Début août, le président de NNGG de la ville de Xàtiva poste une photo sur son profil Facebook. On peut y voir Xesco Sáez dans un bar entouré de quatre amis, tous en train de faire le salut nazi, sourire aux lèvres. L’image fait rapidement le tour des réseaux sociaux et pour se défendre, les jeunes du PPexpliquent que le compte de Xesco Sáez a été piraté.
Le scandale éclate d’autant plus que quelques jours auparavant, une photo de l’adjoint au maire chargé des sports de cette même ville a circulé. Jorge Roca et ses amis posent en bons supporteurs de foot, fumigène à la main… mais aussi les bras levés et tenant des drapeaux espagnols agrémentés de symboles néo-nazis.
L’affaire aurait pu en rester là, mais face au tollé, journalistes et militants de gauche se mettent à fouiller les comptes des militants des jeunes populaires dont certains ne maîtrisent pas très bien les paramètres de confidentialité. Résultat : Daniel Terrades, secrétaire de NNGG à Gandia, fait lui aussi le salut fasciste.
Carmen Melissa Ferrer, conseillère municipale de Canals en charge de la jeunesse pose devant un drapeau franquiste.
Ce même drapeau qu’on retrouve accroché au mur d’un local des NNGG.

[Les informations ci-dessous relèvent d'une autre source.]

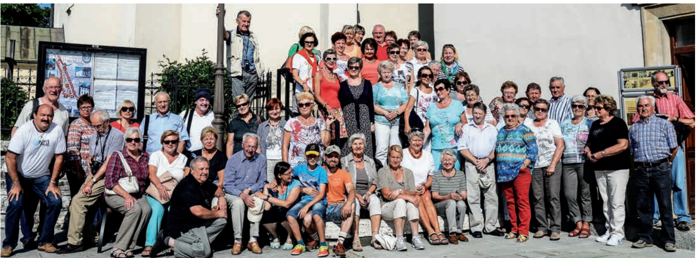
Ferienreise ins Zipserland – 60 begeisterte Pilger waren im Juli unterwegs, um die Ostslowakei mit ihren Naturschönheiten und ihren Kunstschätzen zu erkunden. Danke für schöne, unvergessliche Tage.

Après une série d’explications alambiquées, la direction de Nuevas Generaciones a finalement décidé d’ouvrir des procédures de sanctions disciplinaires contre ces militants. Tout en affirmant que la diffusion de ces photos relevait d’une campagne «indigne et honteuse» contre le mouvement. «On généralise l’attitude récusable de trois ou quatre personnes alors que notre organisation compte des milliers de jeunes qui apportent énormément à la société», a déclaré la présidente nationale Beatriz Jurado.

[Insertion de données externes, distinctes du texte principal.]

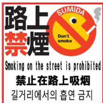
路上ブロック・路面シート表示

路上喫煙禁止推進地区内では、区が委託する啓発指導員により、錦糸町駅周辺を週6日、両国駅周辺を週2日、押上駅周辺を週1日、曳舟駅周辺を週4日及び吾妻橋地区周辺を週1日、通行者の多い時間帯に啓発及び指導パトロールを行い、その際に路上喫煙、歩きたばこ、ポイ捨てについて発見した場合には、喫煙者に対する指導や吸い殻等の収集・清掃を行っています。また、路上喫煙禁止推進地区等において、年間で複数回、吸い殻数の測定を実施しているほか、推進地区内に、路上喫煙禁止のブロック・ペイントや看板の設置等を実施しています。他にも、毎年春と冬の年2回、職員クリーンアップキャンペーンとして、錦糸町駅周辺エリア、東京スカイツリー周辺エリア、曳舟駅周辺エリア、両国駅周辺エリア等で、協力企業、団体等の方々と職員が吸い殻などのごみを收拾しつつ、あわせて路上喫煙禁止の啓発を行っています。

La communauté de Valence est un fief du PP qui dirige le gouvernement régional depuis 1995. Les maires ont longtemps rechigné à retirer des lieux publics les symboles franquistes comme les y oblige la loi de mémoire historique votée en 2007. En vertu de la loi d’amnistie de 1977, personne n’a jamais pu enquêter sur les crimes commis pendant la guerre civile et les 70 ans qu’a duré la dictature de Franco. Pire, celui-ci repose au Valle de los Caídos, un gigantesque monument à la gloire de sa «glorieuse croisade» situé à 50 kilomètres de Madrid. Un symbole de honte pour une bonne partie de la société espagnole dont la famille était républicaine. Pour les autres, c’est un lieu de recueillement, voire touristique, comme pour la secrétaire générale de Nuevas Generaciones à Séville qui a démissionné après avoir posé en photo devant le monument. Si la jeunesse du PP n’a pas connu le franquisme, la nostalgie continue de faire son effet chez certains d’entre eux, malgré le poids du passé.